> WORK INSTRUCTIONS: Note on the material below: return exactly the lines from the line that holds "I enjoy choosing" through the line that holds "Locking storage for", and leave out each picture.

> PROVIDED DATA:
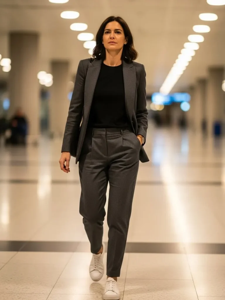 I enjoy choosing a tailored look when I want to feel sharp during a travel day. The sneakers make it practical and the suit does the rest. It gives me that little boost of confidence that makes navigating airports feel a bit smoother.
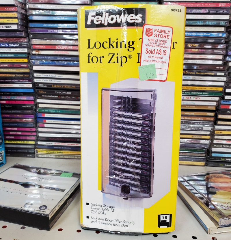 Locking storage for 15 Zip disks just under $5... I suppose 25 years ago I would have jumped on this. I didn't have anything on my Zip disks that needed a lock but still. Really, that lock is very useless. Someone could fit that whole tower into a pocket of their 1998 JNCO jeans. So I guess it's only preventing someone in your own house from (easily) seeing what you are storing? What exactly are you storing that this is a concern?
...
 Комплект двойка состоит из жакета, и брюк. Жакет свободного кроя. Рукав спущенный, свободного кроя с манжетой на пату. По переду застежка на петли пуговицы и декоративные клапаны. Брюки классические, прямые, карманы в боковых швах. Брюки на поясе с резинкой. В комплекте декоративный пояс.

> SOLUTION FOR THIS TASK:
 I enjoy choosing a tailored look when I want to feel sharp during a travel day. The sneakers make it practical and the suit does the rest. It gives me that little boost of confidence that makes navigating airports feel a bit smoother.
 Locking storage for 15 Zip disks just under $5... I suppose 25 years ago I would have jumped on this. I didn't have anything on my Zip disks that needed a lock but still. Really, that lock is very useless. Someone could fit that whole tower into a pocket of their 1998 JNCO jeans. So I guess it's only preventing someone in your own house from (easily) seeing what you are storing? What exactly are you storing that this is a concern?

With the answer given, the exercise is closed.